Working from the start of the listing, please write out exactly the lines through the one that holds "Recharge your prepaid", both included, and omit all pictures.

Dataset extract below:

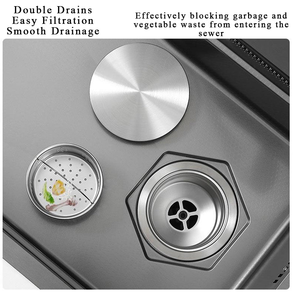 1. Sink: This product is a gun gray single sink (including a pull-out faucet), the panel is thickened and deepened, durable and not easy to deform.
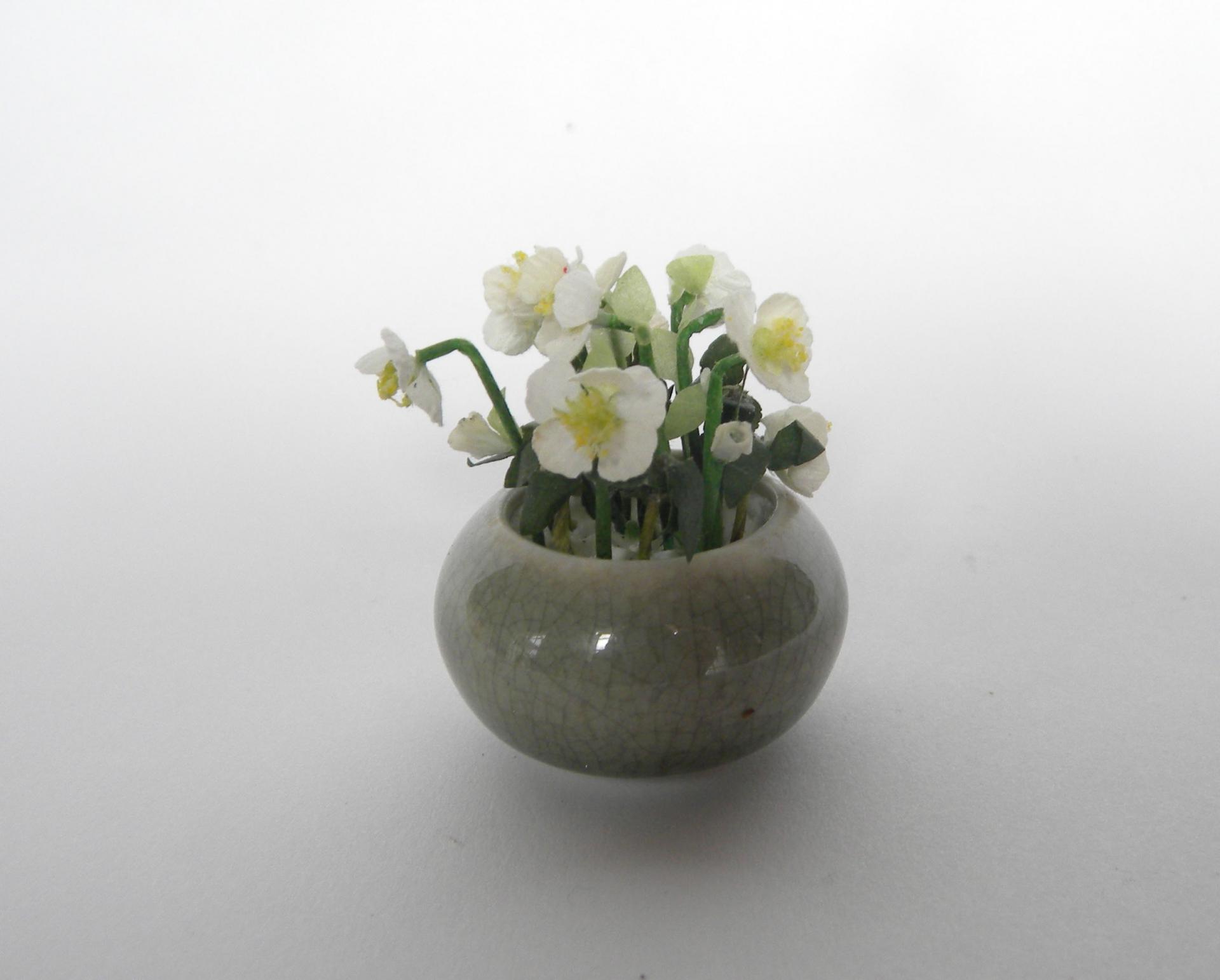 Roses de Noel blanches dans un petit vase vert céladon créé par la miniaturiste Elisabeth Causeret
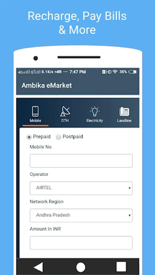 Recharge your prepaid mobile for major operators: Airtel, Jio, Vodafone, Idea. Recharge your DTH with all major service providers: Tata Sky, Dish TV, Airtel DTH, Reliance digital TV. Pay your electricity, postpaid, landline, broadband, gas & water bills.
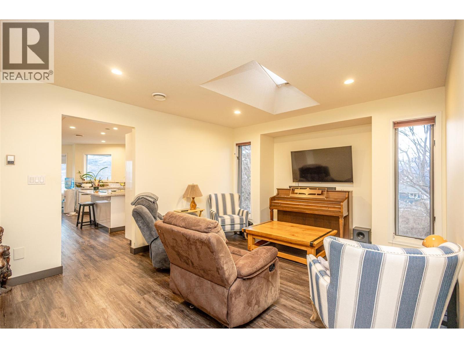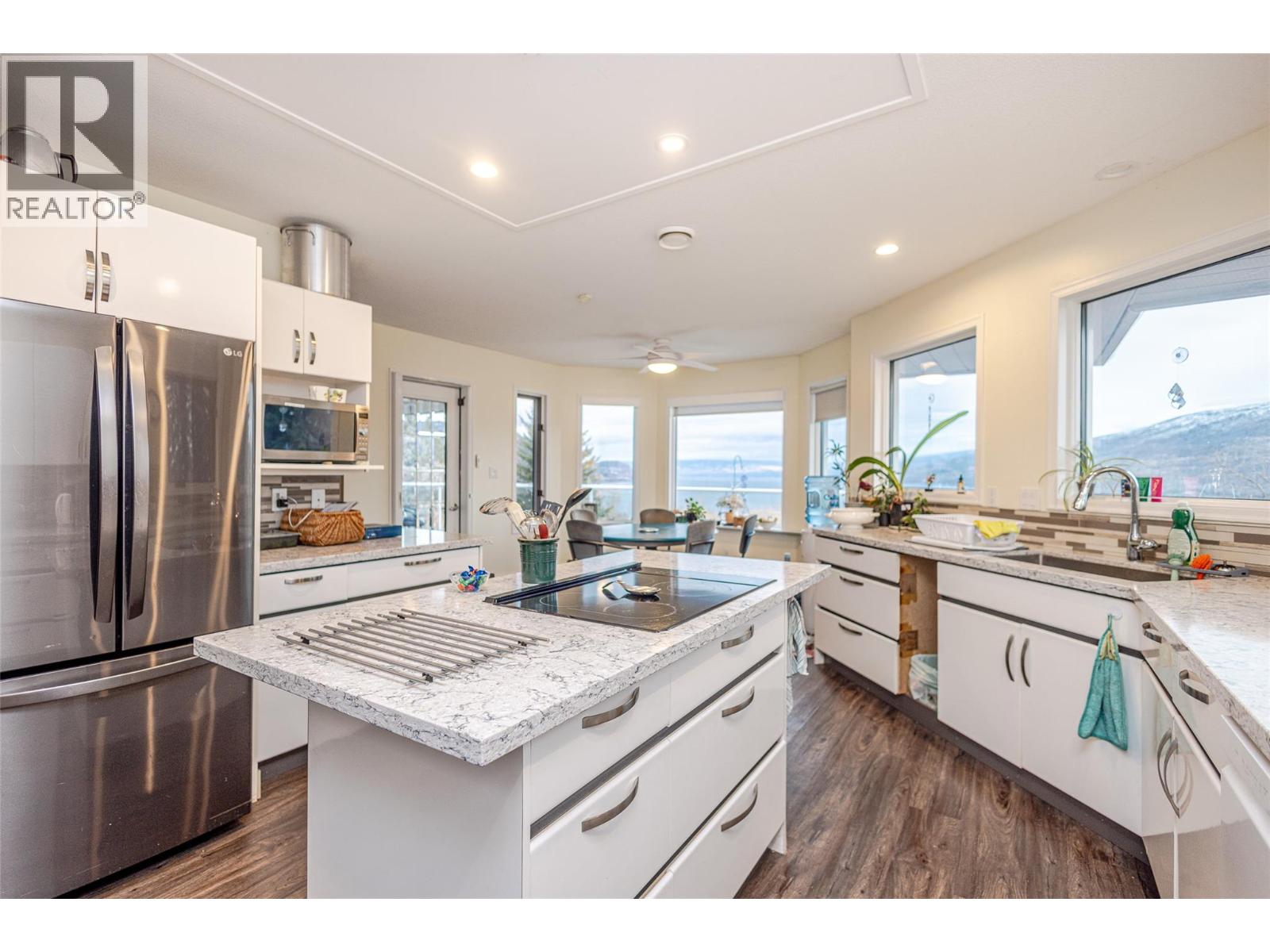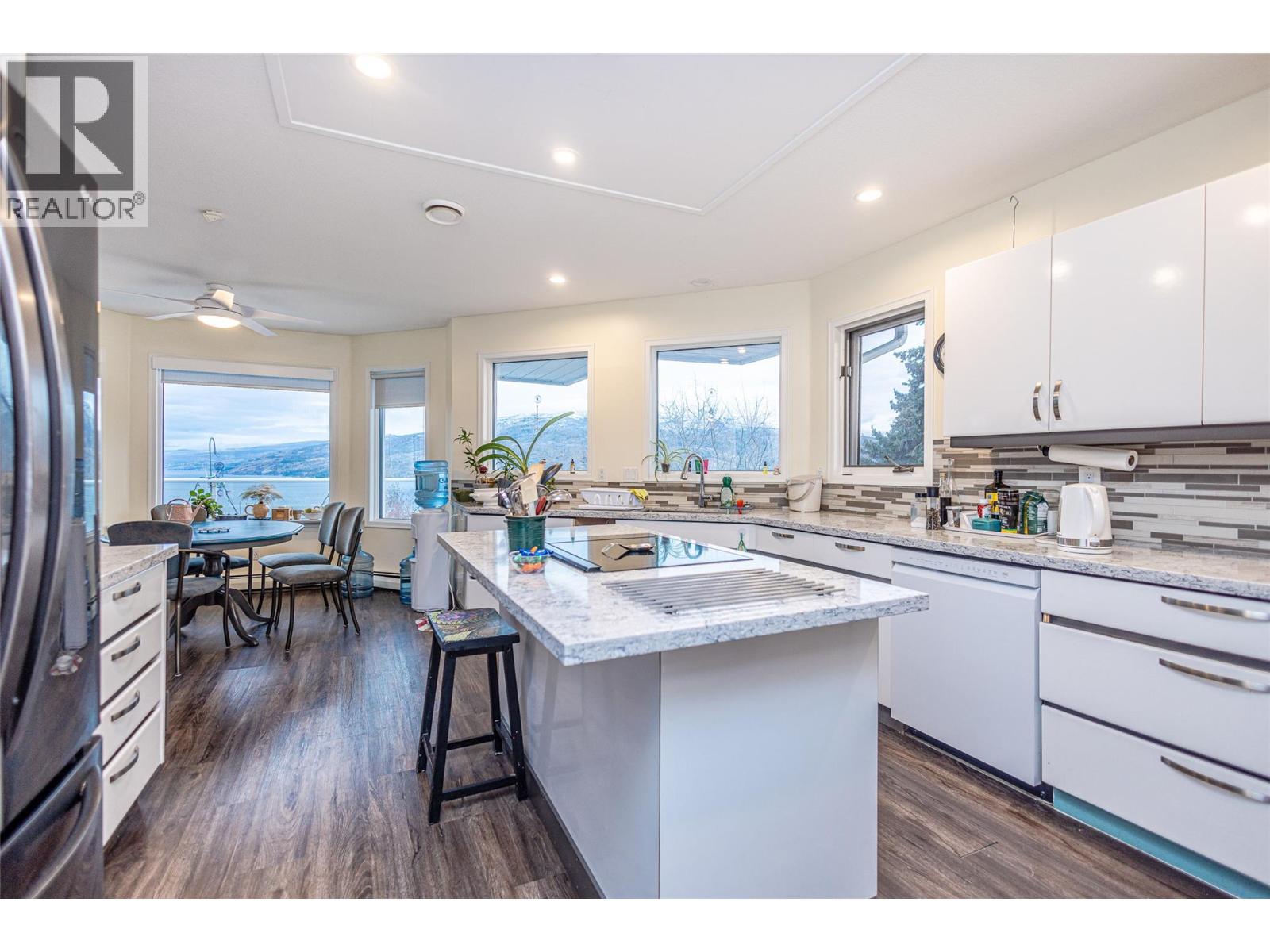 WELCOME TO 6036 BEATRICE PEACHLAND, This well-maintained multi-level home offers a flexible layout, abundant natural light, and breathtaking lake and mountain views. The fully finished first floor provides excellent versatility, featuring a spacious family room with durable flooring and a cozy fireplace—perfect for relaxed living or entertaining. Large windows create a bright, open feel throughout, while a generous bedroom and full bathroom offer privacy for guests or extended family. A dedicated laundry area, ample storage, and a thoughtful layout enhance the functionality of this level. Upstairs, the second floor is designed to showcase the stunning views while offering comfortable, open living spaces. The main living area is filled with natural light and flows seamlessly into the dining space and well-appointed kitchen, complete with ample cabinetry, generous counter space, and a central island ideal for gatherings. Multiple well-sized bedrooms include a primary suite with ensuite and tranquil outlooks. Step outside onto the expansive deck to enjoy panoramic lake and mountain views—perfect for morning coffee, sunset evenings, and entertaining. With its adaptable layout, scenic setting, and inviting atmosphere, this home offers exceptional value and lifestyle appeal. (id:21321)

End of Dataset extract.

## Reply
 1. Sink: This product is a gun gray single sink (including a pull-out faucet), the panel is thickened and deepened, durable and not easy to deform.
 Roses de Noel blanches dans un petit vase vert céladon créé par la miniaturiste Elisabeth Causeret
 Recharge your prepaid mobile for major operators: Airtel, Jio, Vodafone, Idea. Recharge your DTH with all major service providers: Tata Sky, Dish TV, Airtel DTH, Reliance digital TV. Pay your electricity, postpaid, landline, broadband, gas & water bills.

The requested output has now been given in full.